© WIM KEMPENAERS

Eindelijk gehoord

Ik had eigenlijk veel schrik om bij u te komen vandaag, dokter, bekent Lucine. Door haar gevoelsreflectie weet ik al wat het doel van deze consultatie is. Deze 70-jarige dame komt benzodiazepines vragen, de welbekende kalmeer- en slaapmiddelen.

Tijdens een vorige consultatie vroeg ze al een voorschrift voor haar vast slaappilletje, dat haar vorige huisarts had opgestart. Nadat ze verhuisde naar een serviceflat buiten zijn regio, kon hij haar niet blijven opvolgen. Op zoek naar een nieuwe huisarts, kwam ze bij mij terecht. Soms lijkt ze daar niet tevreden mee: ‘Die andere dokter maakte geen problemen van die pilletjes, waarom u wel?’

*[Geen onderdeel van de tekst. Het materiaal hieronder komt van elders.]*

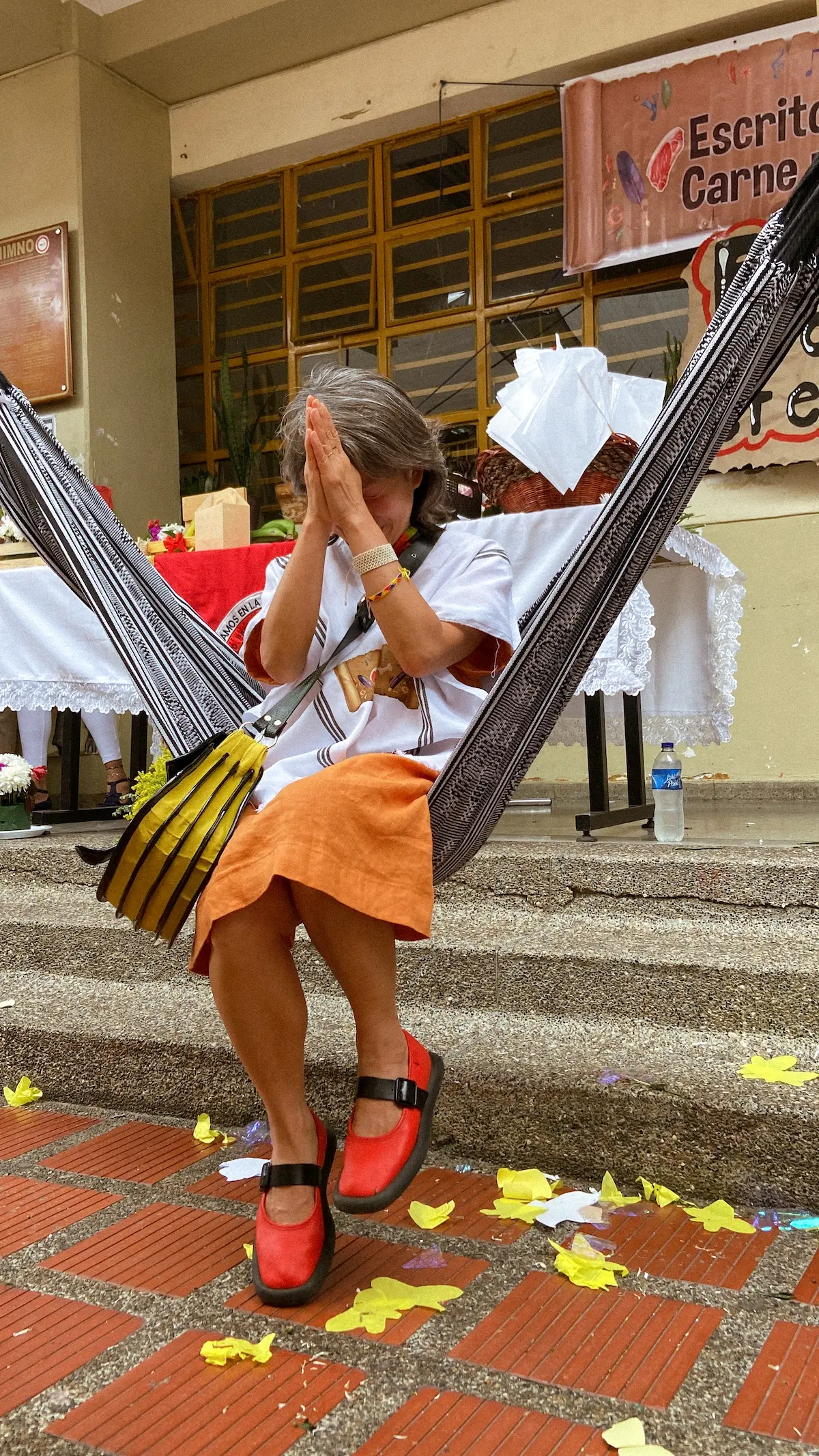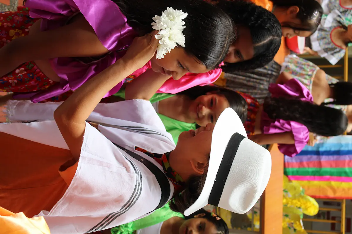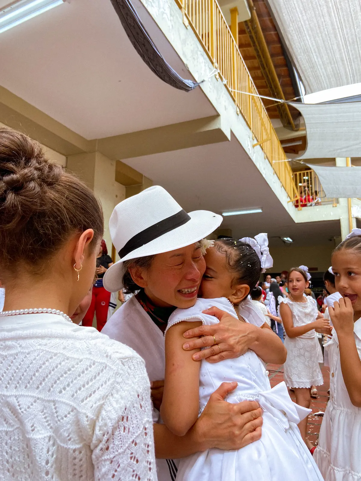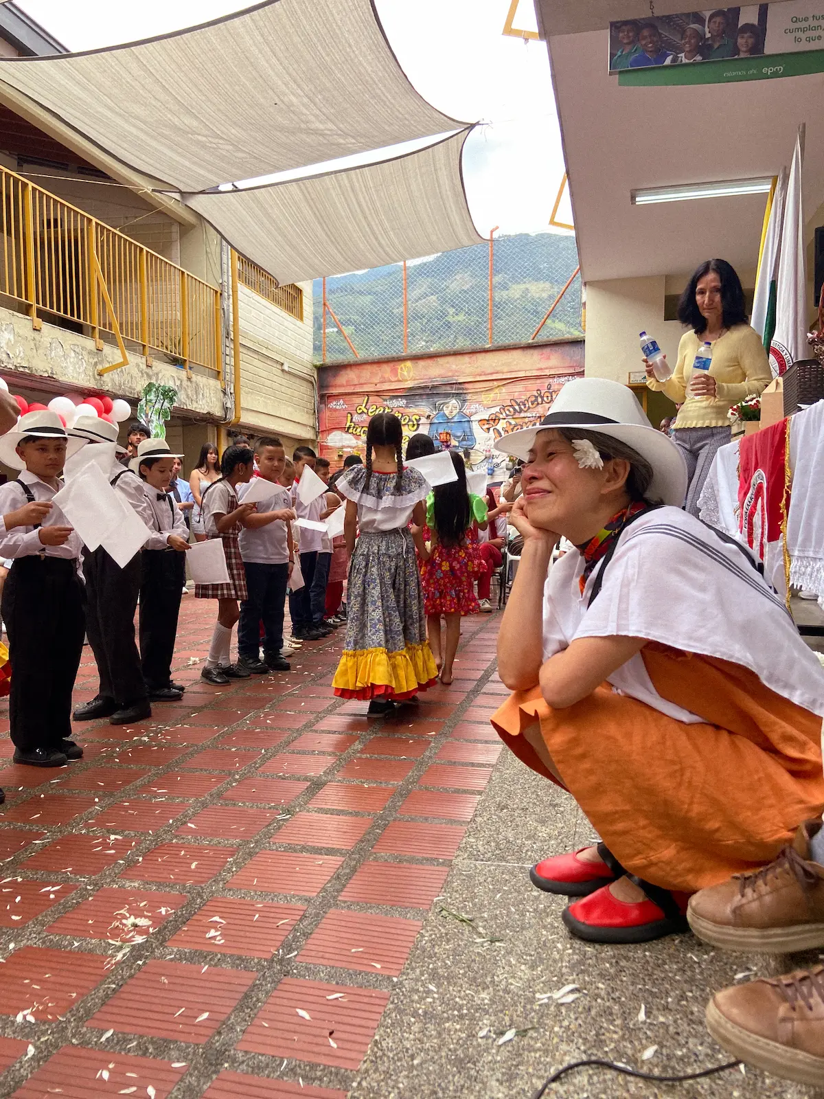 El encuentro tuvo lugar en la cancha central del colegio, el mismo espacio donde se celebran los actos cívicos. Desde temprano, las dos jornadas —mañana y tarde— se unieron para darle la bienvenida. Los más pequeños iniciaron la presentación mostrando a Kim la cultura colombiana: la plaza de mercado, las frutas, la comida, la música y el baile. Vestidos con trajes típicos, le ofrecieron una fiesta llena de color y alegría. Kim, visiblemente conmovida, no pudo contener las lágrimas ante la belleza y el cariño de aquel recibimiento.

Ik heb verschillende redenen. Om te beginnen is het duidelijk hoe afhankelijk ze van deze medicatie is. Alleen al het idee zonder te vallen, zorgt voor een haast blinde paniek, die zich uit in een bijna agressieve houding naar onze secretariaatsmedewerkers. Ten tweede merkte ik dat ze steeds meer pilletjes per avond innam ‘want ze werken niet meer zo goed’. De toenemende dosisverhoging lag wellicht aan de basis van de verschillende valincidenten die ik kon terugvinden in haar dossier. Met haar osteoporose zorgt dat op haar leeftijd voor een hoog botbreuk- en bloedingsrisico. Deze gevolgen bespraken we grondig tijdens de vorige consultatie. Omdat Lucine haar levenskwaliteit zoveel mogelijk wil beschermen, stemde ze in met een afbouwschema. Nu blijkt ze daar nog niet aan begonnen. Integendeel: ik zie in een recent verslag van de wachtpost dat ze daar nog extra voorschriftjes heeft gevraagd.

Die andere dokter maakte geen problemen van die slaappilletjes, waarom u wel?

Haar slaapmedicatie werd door de jaren heen een verslaving. En ondanks de dagelijkse inname, slaapt Lucine nog steeds niet goed. Ook dat is niet verwonderlijk: de pilletjes zorgen immers voor een versneld inslapen, maar brengen je niet in een diepe slaap. Hierdoor word je ’s nachts gemakkelijker opnieuw wakker. ‘En piekeren dat ik dan doe!’

Dat piekeren is duidelijk de essentie van haar probleem. Wanneer ik pols of ze zich wel goed voelt, rollen er tranen. Lucine is eenzaam. Haar familie bezorgt haar kopzorgen en komt niet zo vaak op bezoek als ze zou willen. Hierdoor mist ze een klankbord. Zeker nu ze gebroken heeft met de nieuwe liefde van haar leven. Ze maakte deze hartverscheurende beslissing omdat haar kinderen niet achter de relatie stonden. Zo rouwt ze ’s nachts om haar overleden echtgenoot én om de gemiste nieuwe liefdeskans. De slaappil gebruikt ze om haar verdriet te verdoven, maar dat is niet de gezondste oplossing.

Ik suggereer haar een therapeut of psycholoog: iemand waar ze op vaste tijdstippen haar zware gedachten mee kan delen. En hoewel ons kwartiertje er al lang opzit, exploreren we nog sociale activiteiten in de buurt. Ze benadrukt nogmaals dat ze me (te) streng vindt, maar wil toch opnieuw proberen mijn advies ter harte te nemen. ‘Want ik voelde me zonet eindelijk nog eens gehoord!’ Zou hiermee het afbouwschema in gang gezet kunnen worden? Ik ben benieuwd.